* Available data:

○ ○ ○ ○

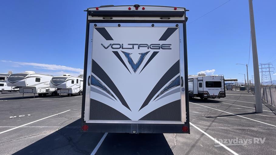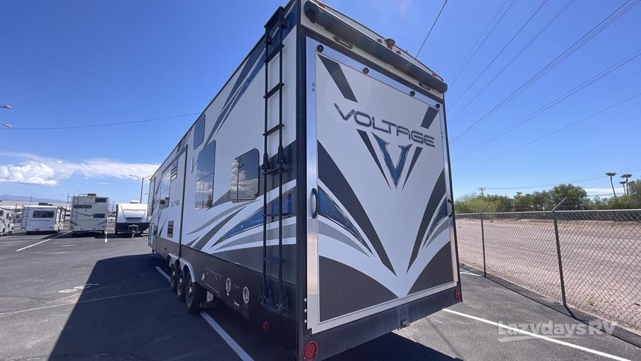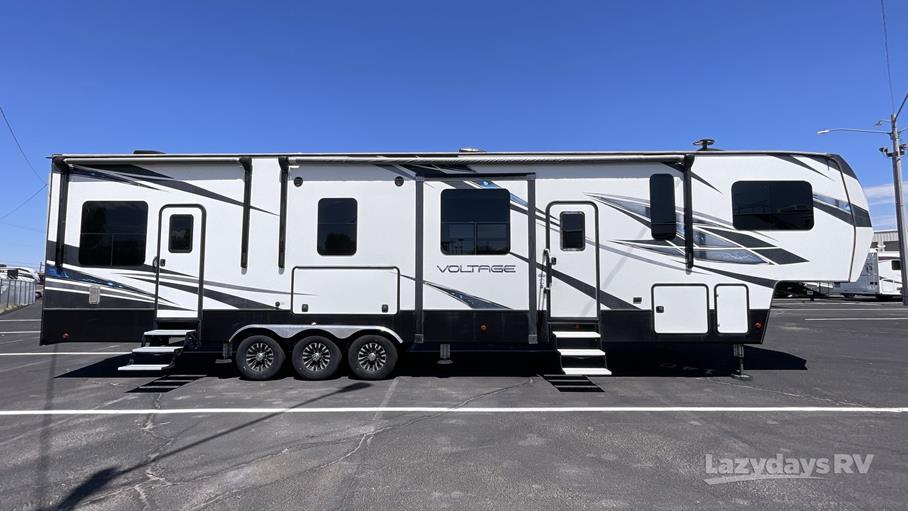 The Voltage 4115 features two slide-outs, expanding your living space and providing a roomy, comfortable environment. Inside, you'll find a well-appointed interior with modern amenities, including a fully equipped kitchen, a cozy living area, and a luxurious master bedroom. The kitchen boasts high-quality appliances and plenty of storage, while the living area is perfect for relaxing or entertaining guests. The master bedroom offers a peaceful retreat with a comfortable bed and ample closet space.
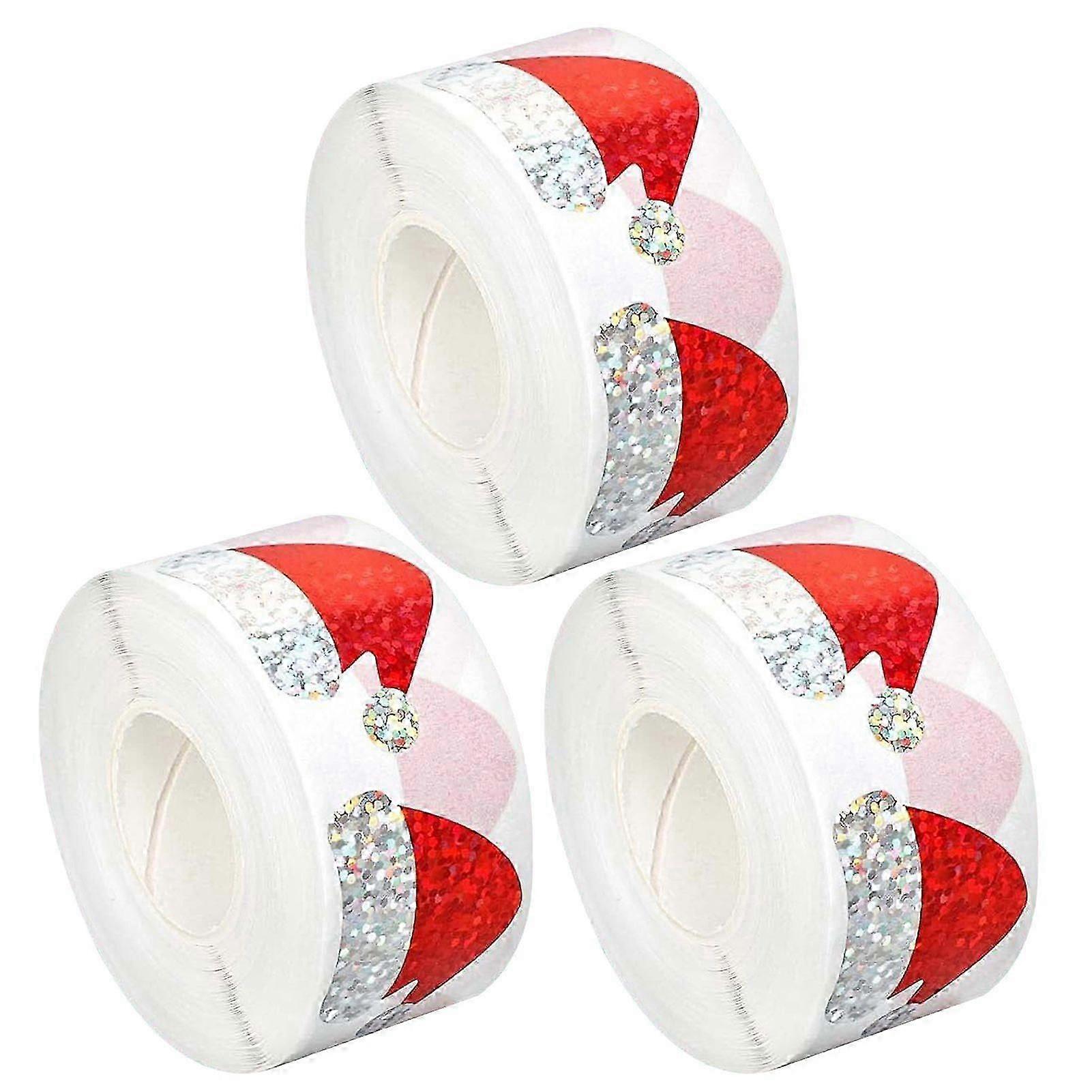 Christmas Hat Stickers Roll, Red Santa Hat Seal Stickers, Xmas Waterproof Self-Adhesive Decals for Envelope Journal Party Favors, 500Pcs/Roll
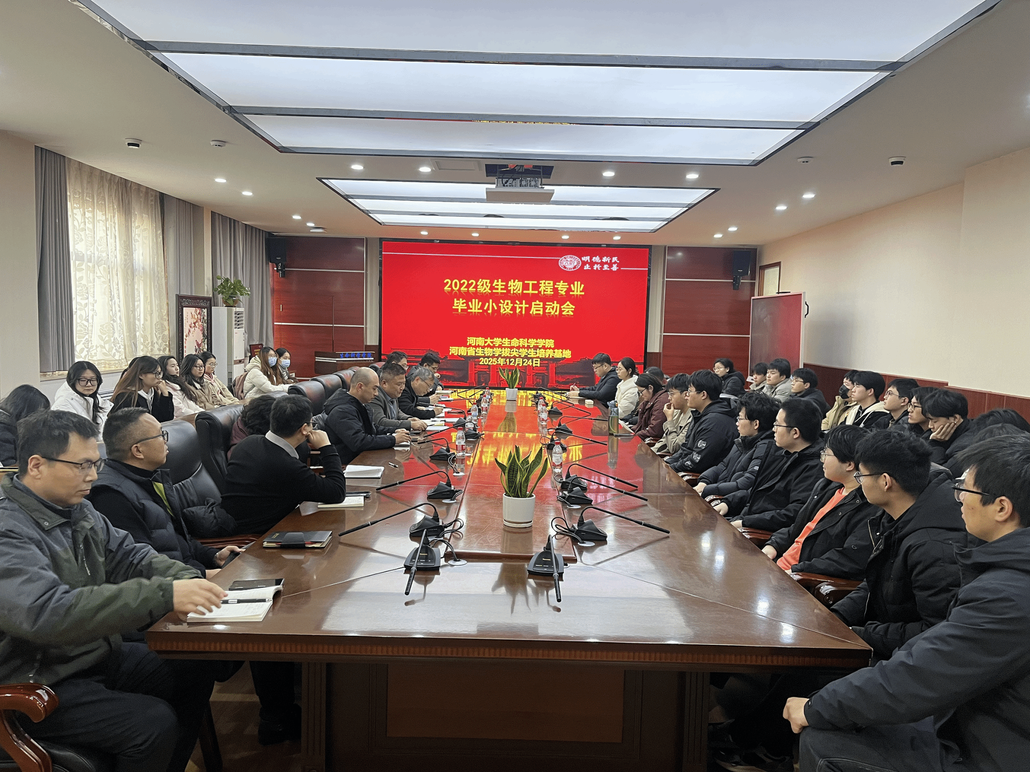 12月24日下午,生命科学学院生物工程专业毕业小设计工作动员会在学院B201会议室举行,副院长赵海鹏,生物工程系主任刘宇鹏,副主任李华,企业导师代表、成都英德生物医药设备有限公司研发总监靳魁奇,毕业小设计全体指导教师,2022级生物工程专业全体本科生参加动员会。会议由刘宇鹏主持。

○ ○ ○ ○

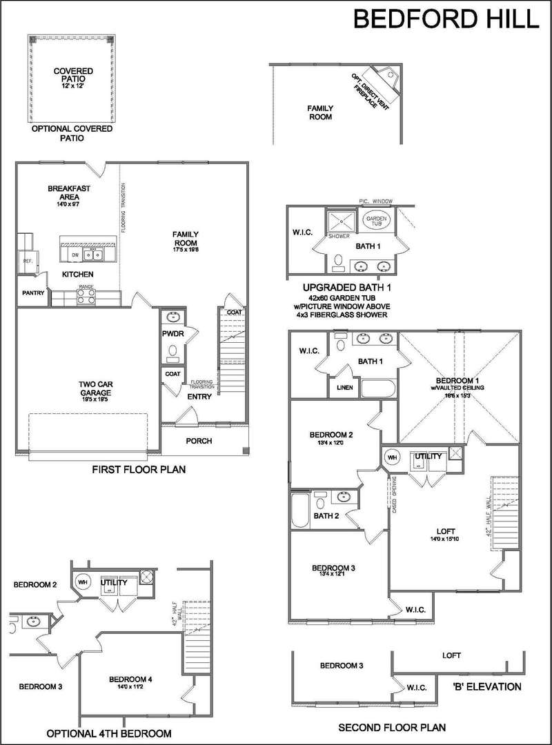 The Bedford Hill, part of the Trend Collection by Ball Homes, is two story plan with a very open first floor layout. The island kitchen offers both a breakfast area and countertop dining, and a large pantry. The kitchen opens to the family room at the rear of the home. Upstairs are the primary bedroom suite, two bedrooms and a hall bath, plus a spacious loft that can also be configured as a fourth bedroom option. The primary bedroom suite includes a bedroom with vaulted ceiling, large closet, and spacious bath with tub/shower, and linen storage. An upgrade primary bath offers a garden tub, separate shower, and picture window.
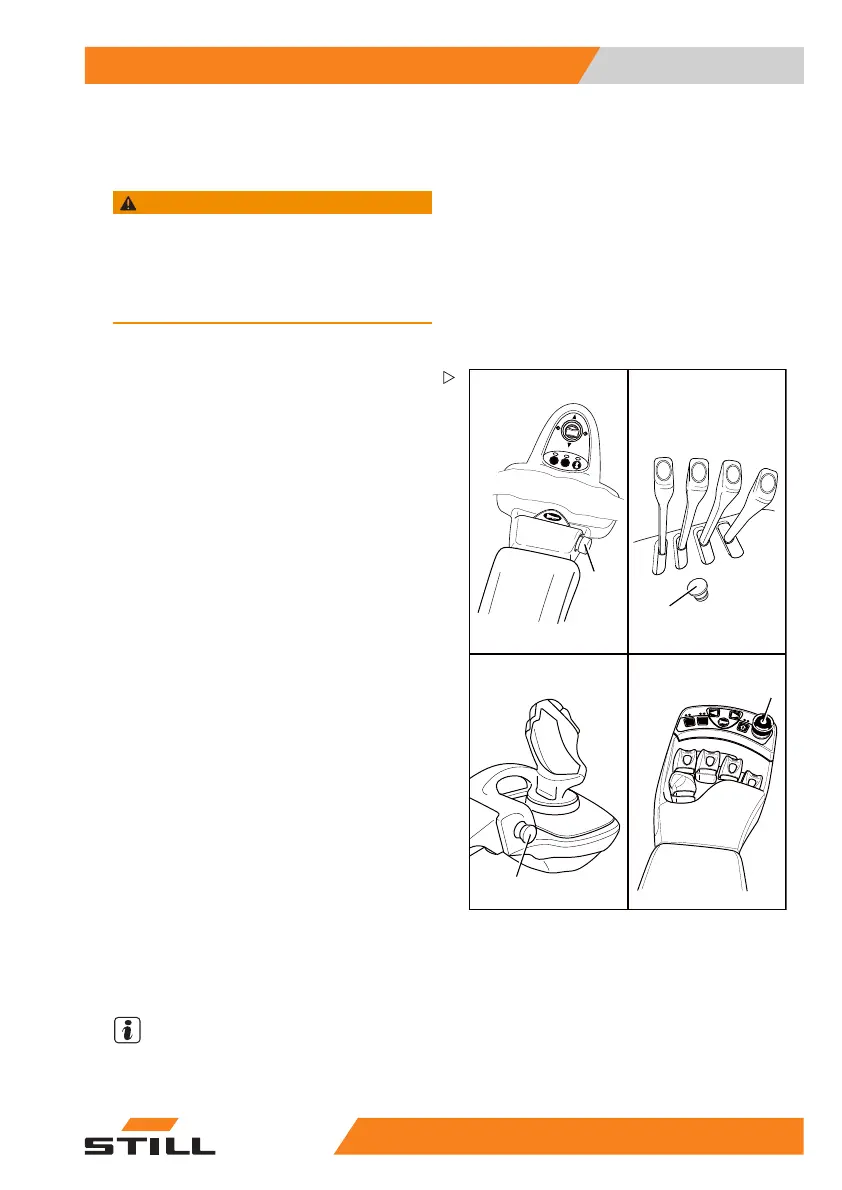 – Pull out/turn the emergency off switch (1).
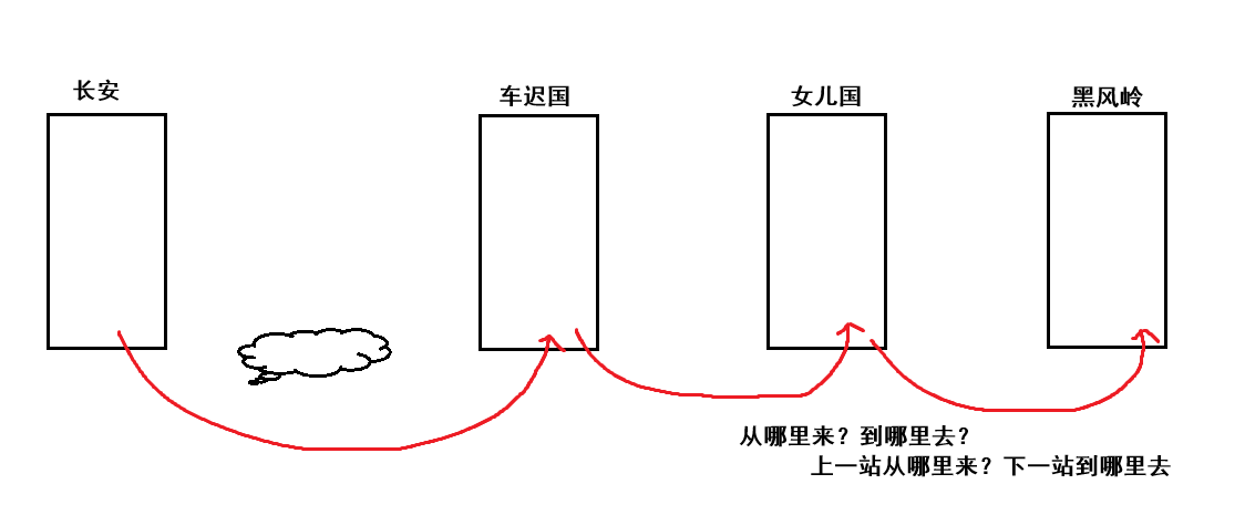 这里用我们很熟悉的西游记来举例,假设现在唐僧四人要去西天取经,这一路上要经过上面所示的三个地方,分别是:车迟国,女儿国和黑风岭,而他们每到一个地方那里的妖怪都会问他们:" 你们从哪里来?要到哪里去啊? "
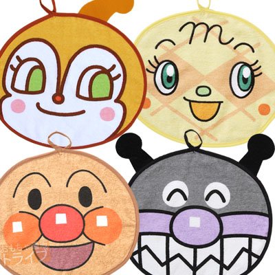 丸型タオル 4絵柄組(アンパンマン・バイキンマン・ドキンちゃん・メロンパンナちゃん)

○ ○ ○ ○

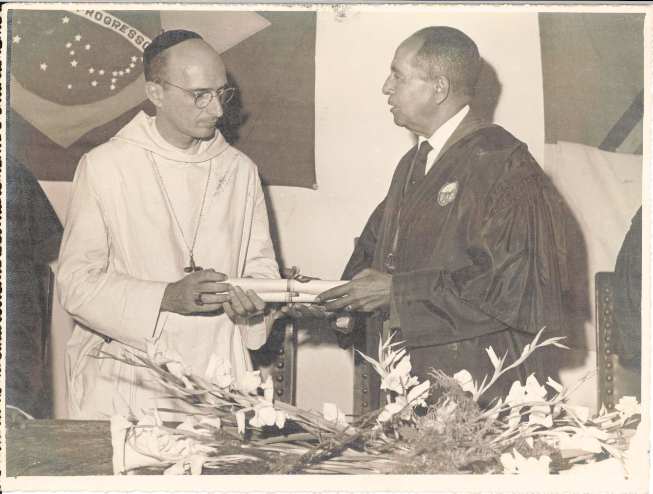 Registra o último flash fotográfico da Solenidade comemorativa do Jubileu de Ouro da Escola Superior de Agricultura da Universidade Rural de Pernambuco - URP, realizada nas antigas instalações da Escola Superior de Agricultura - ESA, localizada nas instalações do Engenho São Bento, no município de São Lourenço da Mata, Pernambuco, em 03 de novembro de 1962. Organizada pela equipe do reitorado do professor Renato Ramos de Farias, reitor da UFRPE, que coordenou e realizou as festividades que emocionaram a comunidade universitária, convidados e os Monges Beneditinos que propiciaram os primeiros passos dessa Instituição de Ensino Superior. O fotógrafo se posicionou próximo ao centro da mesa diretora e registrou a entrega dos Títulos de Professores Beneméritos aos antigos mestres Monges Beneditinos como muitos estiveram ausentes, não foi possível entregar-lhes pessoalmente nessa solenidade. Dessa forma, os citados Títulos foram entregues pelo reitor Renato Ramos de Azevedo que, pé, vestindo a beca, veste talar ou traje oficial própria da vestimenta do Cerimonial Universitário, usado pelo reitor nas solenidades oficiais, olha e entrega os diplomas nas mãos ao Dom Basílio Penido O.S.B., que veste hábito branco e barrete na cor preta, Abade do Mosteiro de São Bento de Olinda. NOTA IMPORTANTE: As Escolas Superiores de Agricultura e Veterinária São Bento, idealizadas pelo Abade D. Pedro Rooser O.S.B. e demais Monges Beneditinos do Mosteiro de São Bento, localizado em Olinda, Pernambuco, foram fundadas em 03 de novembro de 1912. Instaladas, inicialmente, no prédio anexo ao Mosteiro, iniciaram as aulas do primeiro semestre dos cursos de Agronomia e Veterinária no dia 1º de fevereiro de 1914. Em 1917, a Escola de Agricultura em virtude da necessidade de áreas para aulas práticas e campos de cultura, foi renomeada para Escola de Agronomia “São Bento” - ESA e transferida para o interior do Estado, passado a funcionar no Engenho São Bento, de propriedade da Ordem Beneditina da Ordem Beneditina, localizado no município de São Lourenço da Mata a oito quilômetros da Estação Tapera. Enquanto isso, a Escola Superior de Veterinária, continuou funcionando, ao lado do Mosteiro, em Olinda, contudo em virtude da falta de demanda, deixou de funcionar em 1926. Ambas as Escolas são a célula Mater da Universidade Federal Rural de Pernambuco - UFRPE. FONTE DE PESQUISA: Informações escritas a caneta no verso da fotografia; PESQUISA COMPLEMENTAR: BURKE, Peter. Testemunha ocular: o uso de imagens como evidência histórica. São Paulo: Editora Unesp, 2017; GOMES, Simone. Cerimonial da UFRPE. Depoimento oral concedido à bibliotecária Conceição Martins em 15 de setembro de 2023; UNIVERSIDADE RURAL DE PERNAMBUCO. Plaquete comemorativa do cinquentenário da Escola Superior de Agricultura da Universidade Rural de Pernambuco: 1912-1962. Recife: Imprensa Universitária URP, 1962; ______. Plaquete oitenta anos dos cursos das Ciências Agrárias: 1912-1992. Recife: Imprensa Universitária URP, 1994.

○ ○ ○ ○

* Problem: Output only the lines above from the line that holds "Christmas Hat Stickers" through the line that holds "12月24日下午,生命科学学", both ends included, and exclude pictures.

* Output:
 Christmas Hat Stickers Roll, Red Santa Hat Seal Stickers, Xmas Waterproof Self-Adhesive Decals for Envelope Journal Party Favors, 500Pcs/Roll
 12月24日下午,生命科学学院生物工程专业毕业小设计工作动员会在学院B201会议室举行,副院长赵海鹏,生物工程系主任刘宇鹏,副主任李华,企业导师代表、成都英德生物医药设备有限公司研发总监靳魁奇,毕业小设计全体指导教师,2022级生物工程专业全体本科生参加动员会。会议由刘宇鹏主持。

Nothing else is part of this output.